[Data excerpts]
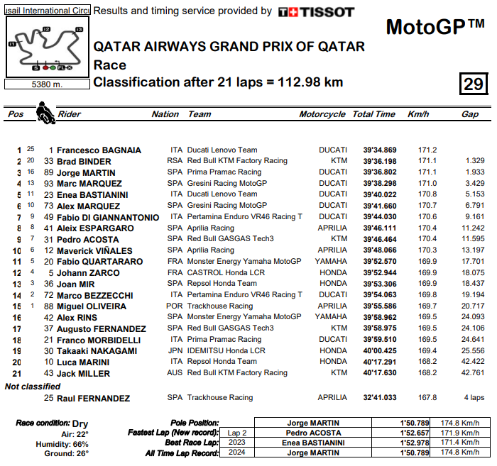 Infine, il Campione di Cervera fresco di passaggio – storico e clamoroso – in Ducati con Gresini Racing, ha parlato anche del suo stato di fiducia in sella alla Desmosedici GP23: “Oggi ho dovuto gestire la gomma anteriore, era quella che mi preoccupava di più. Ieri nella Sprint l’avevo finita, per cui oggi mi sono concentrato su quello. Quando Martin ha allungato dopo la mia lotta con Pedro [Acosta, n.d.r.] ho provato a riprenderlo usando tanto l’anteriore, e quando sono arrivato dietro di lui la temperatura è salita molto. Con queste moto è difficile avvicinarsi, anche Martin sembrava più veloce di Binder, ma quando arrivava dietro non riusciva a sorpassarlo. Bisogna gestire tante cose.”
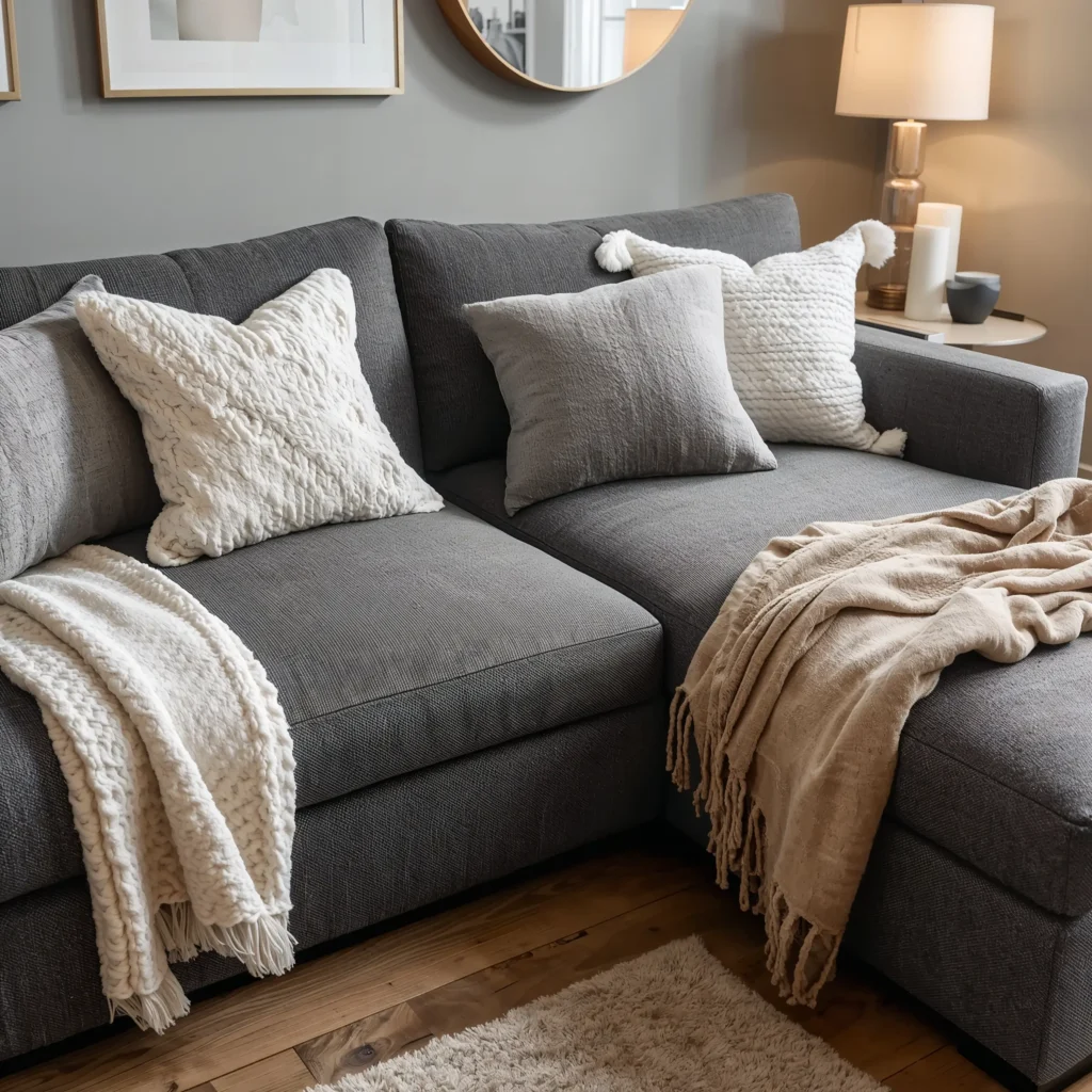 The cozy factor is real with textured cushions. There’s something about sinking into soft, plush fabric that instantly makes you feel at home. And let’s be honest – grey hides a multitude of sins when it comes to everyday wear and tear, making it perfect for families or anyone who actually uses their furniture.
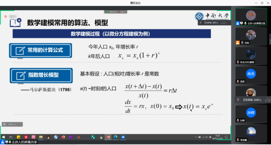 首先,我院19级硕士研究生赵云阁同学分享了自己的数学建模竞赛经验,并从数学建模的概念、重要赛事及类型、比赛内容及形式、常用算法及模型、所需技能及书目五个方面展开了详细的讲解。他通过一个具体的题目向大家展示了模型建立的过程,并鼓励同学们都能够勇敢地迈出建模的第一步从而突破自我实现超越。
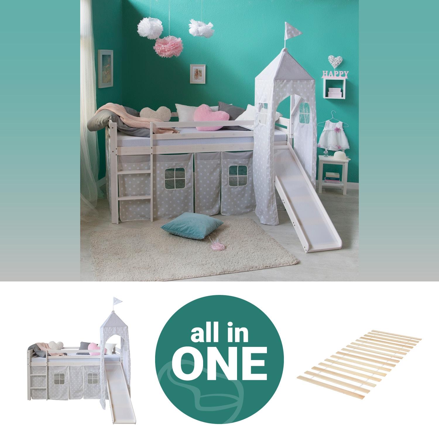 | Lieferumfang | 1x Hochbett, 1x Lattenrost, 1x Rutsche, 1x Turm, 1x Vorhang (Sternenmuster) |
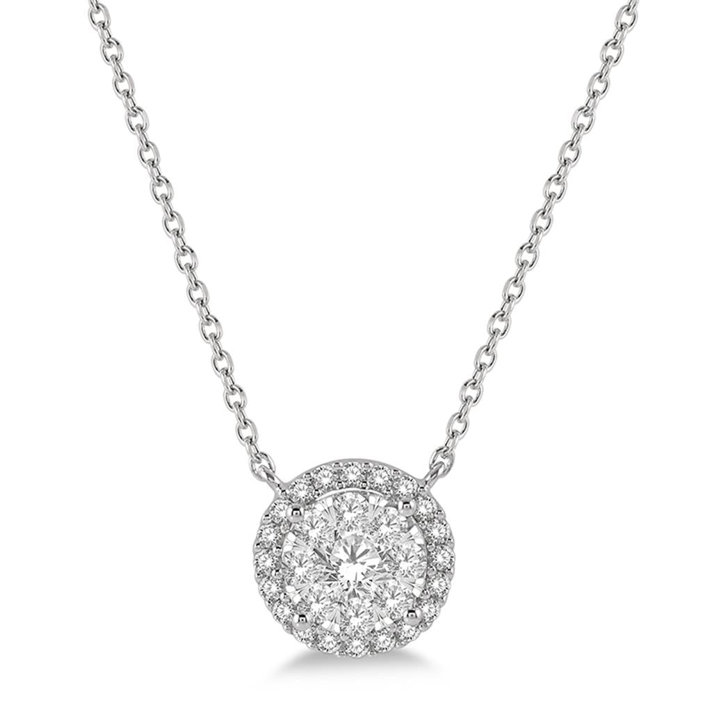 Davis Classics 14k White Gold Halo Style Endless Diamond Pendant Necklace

| Task requirements |
Give the entries again, exactly and in full, with no image included.

| Result of this exercise |
 Infine, il Campione di Cervera fresco di passaggio – storico e clamoroso – in Ducati con Gresini Racing, ha parlato anche del suo stato di fiducia in sella alla Desmosedici GP23: “Oggi ho dovuto gestire la gomma anteriore, era quella che mi preoccupava di più. Ieri nella Sprint l’avevo finita, per cui oggi mi sono concentrato su quello. Quando Martin ha allungato dopo la mia lotta con Pedro [Acosta, n.d.r.] ho provato a riprenderlo usando tanto l’anteriore, e quando sono arrivato dietro di lui la temperatura è salita molto. Con queste moto è difficile avvicinarsi, anche Martin sembrava più veloce di Binder, ma quando arrivava dietro non riusciva a sorpassarlo. Bisogna gestire tante cose.”
 The cozy factor is real with textured cushions. There’s something about sinking into soft, plush fabric that instantly makes you feel at home. And let’s be honest – grey hides a multitude of sins when it comes to everyday wear and tear, making it perfect for families or anyone who actually uses their furniture.
 首先,我院19级硕士研究生赵云阁同学分享了自己的数学建模竞赛经验,并从数学建模的概念、重要赛事及类型、比赛内容及形式、常用算法及模型、所需技能及书目五个方面展开了详细的讲解。他通过一个具体的题目向大家展示了模型建立的过程,并鼓励同学们都能够勇敢地迈出建模的第一步从而突破自我实现超越。
 | Lieferumfang | 1x Hochbett, 1x Lattenrost, 1x Rutsche, 1x Turm, 1x Vorhang (Sternenmuster) |
 Davis Classics 14k White Gold Halo Style Endless Diamond Pendant Necklace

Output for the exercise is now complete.